May 24 2008 | Views 1901 | Comments (8) | Report Abuse


STAPLE DIET OF 'WOM' IN INDIA!
( 'WOM' Part One Link is: http://rajee.sulekha.com/blog/post/2008/05/jaipur-the-emerging-face-of-wom-the-war-by-other.htm)
A well-meaning young lass, writing on TERRORISM on SULEKHA pages, has raised a very vital point while stating that we do not want theories but solutions. She is absolutely right. But the problem is not of a solution but as to WHO WOULD IMPLEMENT THE SOLUTION? Can we take harsh decisions in a democracy when over one billion people are running in different directions and the administrators have lost sense of national duty in favour of penuiary gains for self? India in the year 2008 AD is a mesh of vulnerabilities, chaos and disorder, while its leadership at national, regional and local levels suffers from myopia. We ought to understand this before we think of solutions. Also, there are no quick fix solutions to as complcated a problem as India has. Let us understand this first--sure, I will talk of the solution in the next instalment.

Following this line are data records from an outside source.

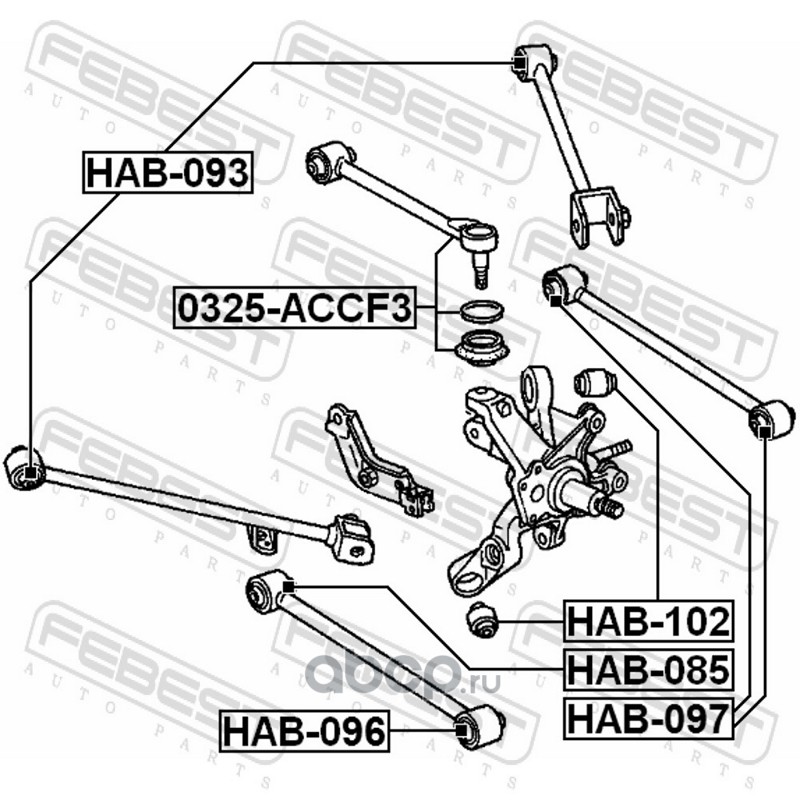All World Cars - продажа Сайлентблок HAB-085 артикул HAB085 по всей России и странах СНГ. Развитая сеть представительств с быстрой доставкой товаров бренда Febest и гарантией выгодной цены. Покупая в AWC товар Febest каталожный номер HAB085 вы бережете свое время, нервы и деньги.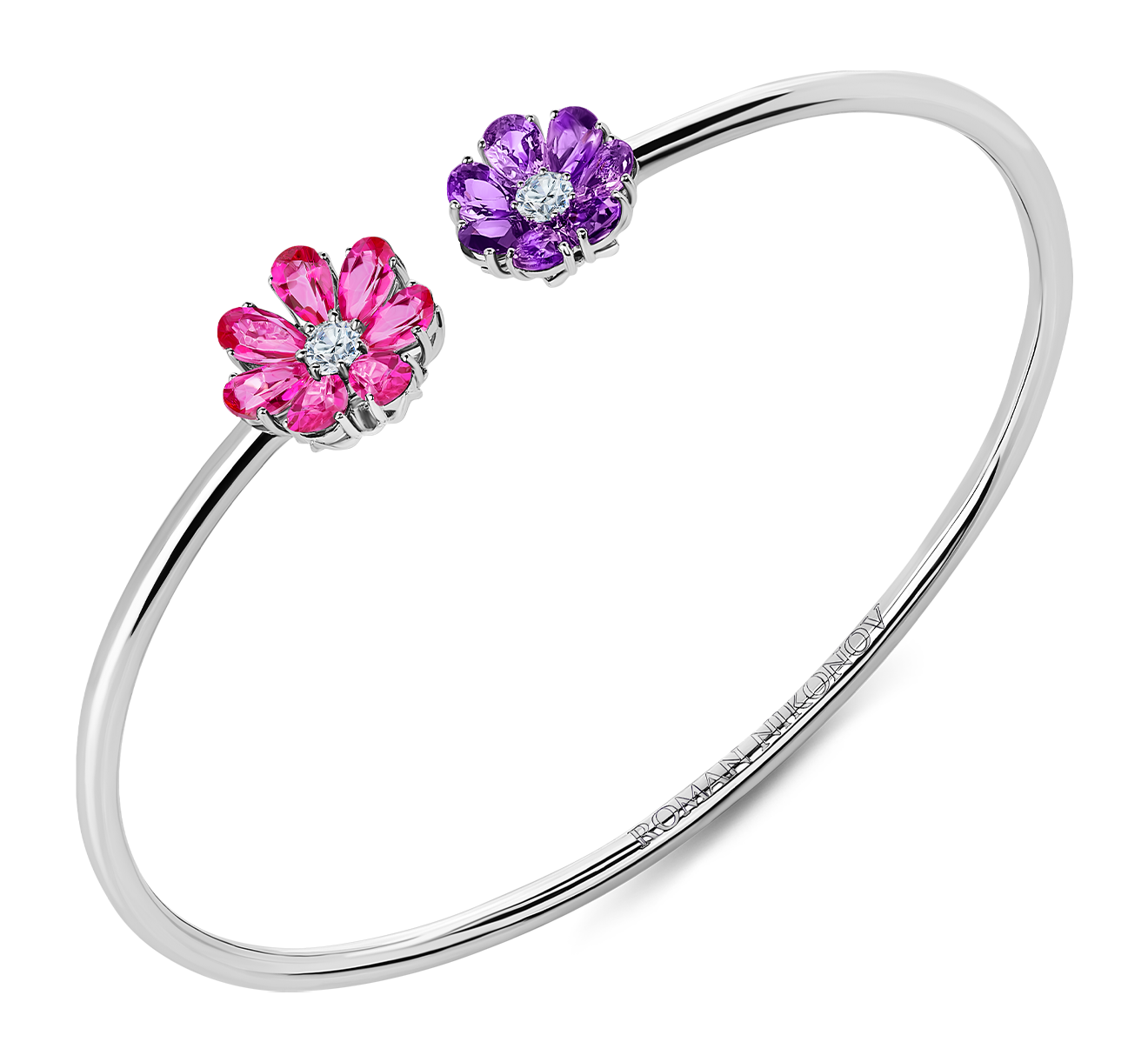 Нежный гибкий браслет из 18-ти каратного белого золота с двумя волшебными цветками в центре. Яркие лепестки цветика из аметистов и топазов огранки «груша». Сердцевина цветка украшена бриллиантом классической огранки. Преимущество браслета в его утонченной, гибкой форме, благодаря которой украшение легко надевать. Браслет изящно смотрится на запястье, а игра света подчеркивает яркий колорит драгоценных лепестков.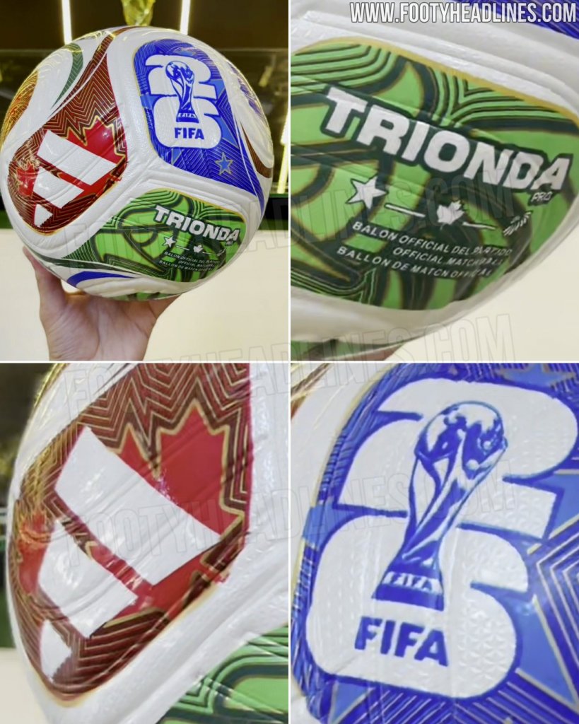 A bola oficial da Copa do Mundo de 2026 já tem identidade definida. Batizada de “Trionda”, ela será apresentada oficialmente pela adidas em outubro deste ano. As imagens e a informação do modelo foram vazadas pelo portal especializado Footy Headlines. Veja abaixo: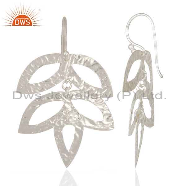 Tree Leaf Handmade 925 Sterling Silver Silver Plated Texture Earrings Jewelry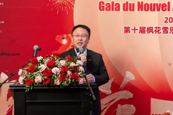 中國駐蒙特利爾總領事戴玉明先生在致辭中指出,楓花雪樂中國春節晚會是“歡樂春節”品牌活動的重要組成部分,已走過十載春秋。晚會從最初的節日慶典,成長為蒙特利爾華人社區的重要文化盛事,不僅豐富了僑胞的春節生活,也為當地社會架起了中加民眾相互理解與交流的橋梁。本屆晚會以“流光映恩澤”為主題,通過舞台光影的藝術呈現,傳遞文化的溫度與情感的細膩,既蘊含傳統韻味,又融入現代審美,充分展現了中華文化在海外的活力與生命力。

For a while, let us flash back to the years 1990-92, in India. Punjab was in flames; Assam was in turmoil; Manipur, Nagaland and Tripura were burning; J&K had begun to generate heat; Mumbai and Maharashtra were exploding under the weight of serial blasts; UP was being torn apart by communal riots and Tamil Nadu had begun to get the tremors. Do not forget about Naxlite in Andhra Pradesh, ORISSA, West Bengal and MP.

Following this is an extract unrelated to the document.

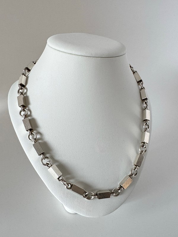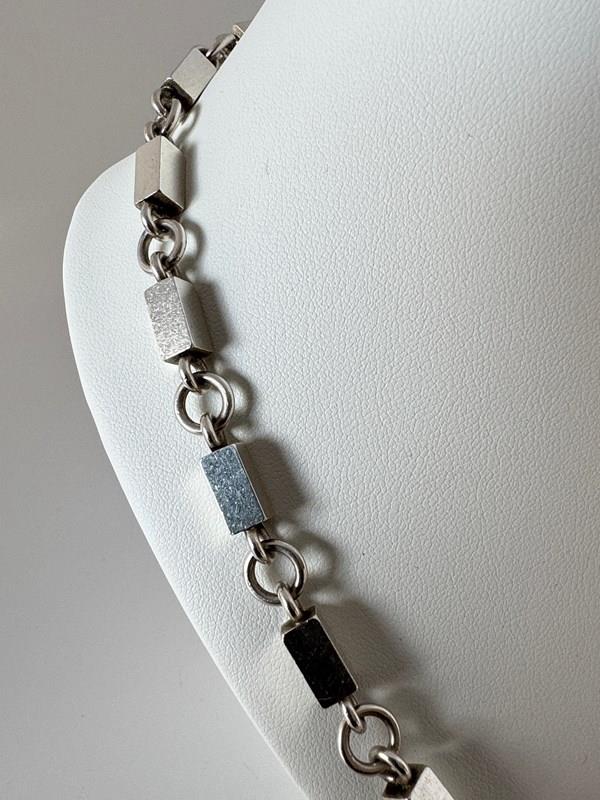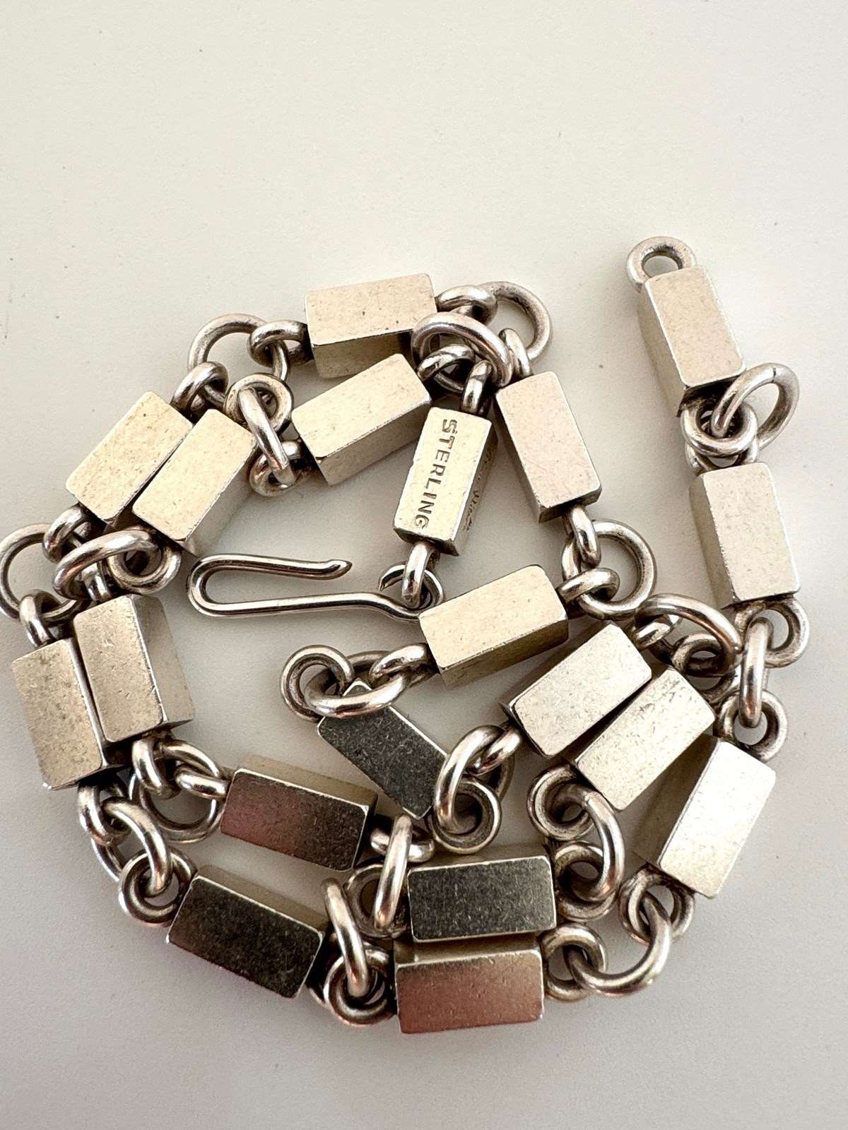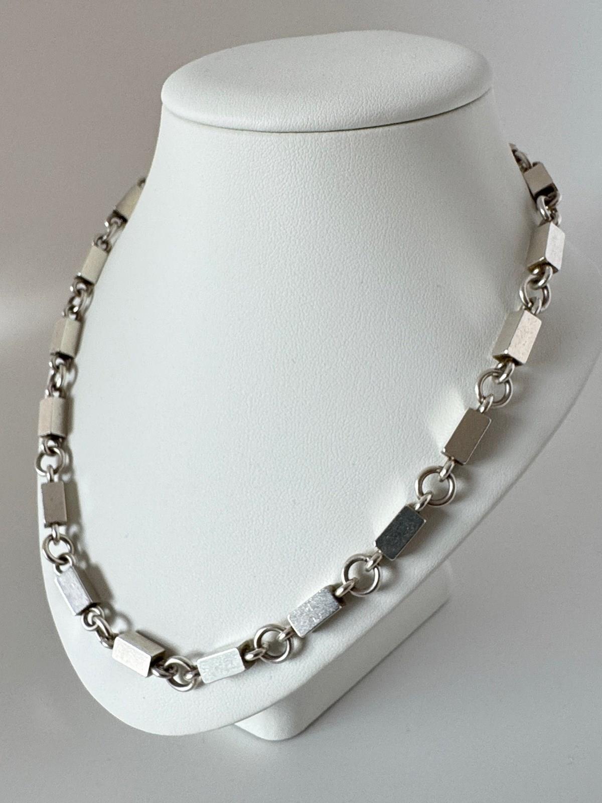 His work is always of excellent quality and much desired throughout the world. This is an iconic necklace and can be found in various lengths. This particular piece is approx 43cm in length and sits really well and comfortably on the neck. I also have a matching bracelet which I will list separately. There is just something about his works that stand apart from most others. They look expensive, they feel expensive and yet all achieved without the need for added decoration, as is his signature style.

Now turn to the present times. In the year 2008, fires in Punjab have not yet been fully doused. Assam continues to be rocked by ULFA and Bodo extremists. Do not discount ISI-backed Muslim militant organisations in Assam? Manipur, Nagaland and Tripura have not been cured of separatist fever. The ever increasing stream of Bangla Deshis (BDs) pouring into India—an unhindered outcome of vote bank politics--, provides easy recruits for ISI-sponsored 'WOM' in India. A most conservative estimate suggests there are 20 million BDs in india---living in metros and major cities as labourers, who are the potential Irregular soldiers of ISI, for blowing up JAIPURS and HYDERABADS. The ISI is no more dependent upon Indian Muslims—bulk of whom have rejected ISI-triggered operations. BDs are surviving in INDIA due to lopsided governmental policies of all political parties. ISI feels that India had used EASTERN PAKISTAN (read Bangla Desh) to break up Pakistan and ISI too would use them to break up India. This is the new ball game.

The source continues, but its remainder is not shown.